- [DATA BELOW]

-=-=-

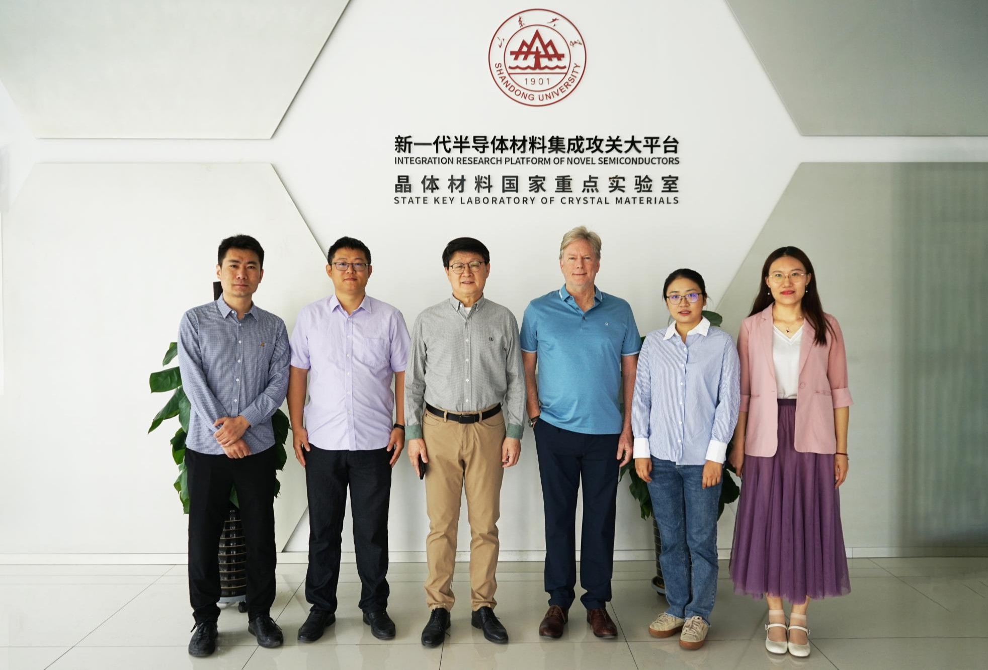 4月27日,济南市公安局出入境管理局领导专家一行来访新一代半导体材料集成攻关大平台,大平台主任徐现刚、副主任王焕杨作相关讲解。集成攻关大平台特聘教授韩吉胜、特聘教授Handoko LINE...
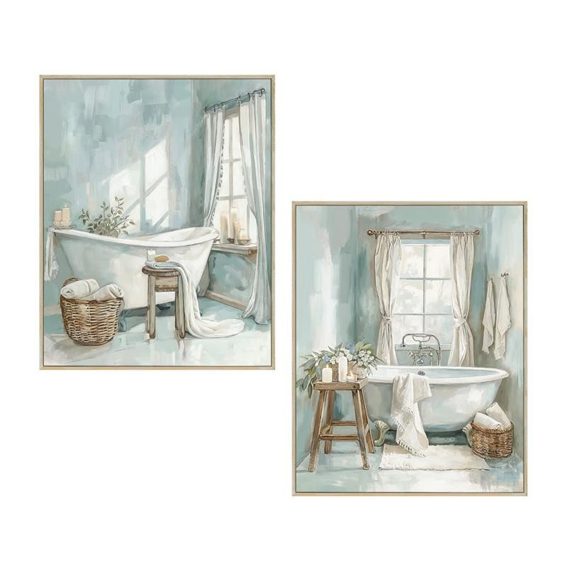 Set de 2 cuadros lienzo con bañeras y con marco de madera natural en blanco, azul y marron 40x50x1.9 cm
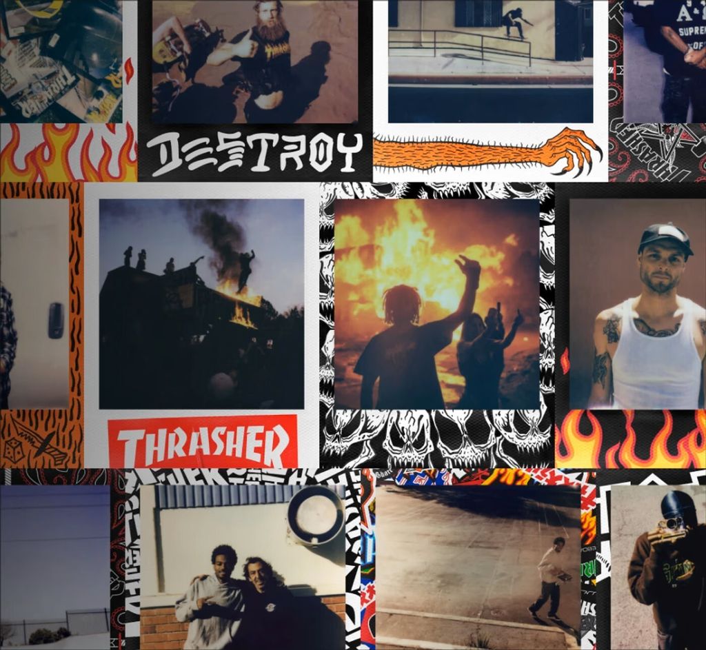 Thrasher Magazine 於1981年在舊金山創立,40多年來一直是滑板界的頂尖刊物。除了雜誌,其影片和數位媒體也廣泛傳播,展示了最棒的滑板文化、次文化和相關人物 。這個始於地下室的事業已發展成全球性的現象,滑板玩家們在各大洲都代表著「SKATE AND DESTROY」(滑板與破壞)的精神 。

-=-=-

- [TASK INSTRUCTIONS]
Copy the data word for word, no pictures.

- [RESPONSE TO THE EXERCISE]
 4月27日,济南市公安局出入境管理局领导专家一行来访新一代半导体材料集成攻关大平台,大平台主任徐现刚、副主任王焕杨作相关讲解。集成攻关大平台特聘教授韩吉胜、特聘教授Handoko LINE...
 Set de 2 cuadros lienzo con bañeras y con marco de madera natural en blanco, azul y marron 40x50x1.9 cm
 Thrasher Magazine 於1981年在舊金山創立,40多年來一直是滑板界的頂尖刊物。除了雜誌,其影片和數位媒體也廣泛傳播,展示了最棒的滑板文化、次文化和相關人物 。這個始於地下室的事業已發展成全球性的現象,滑板玩家們在各大洲都代表著「SKATE AND DESTROY」(滑板與破壞)的精神 。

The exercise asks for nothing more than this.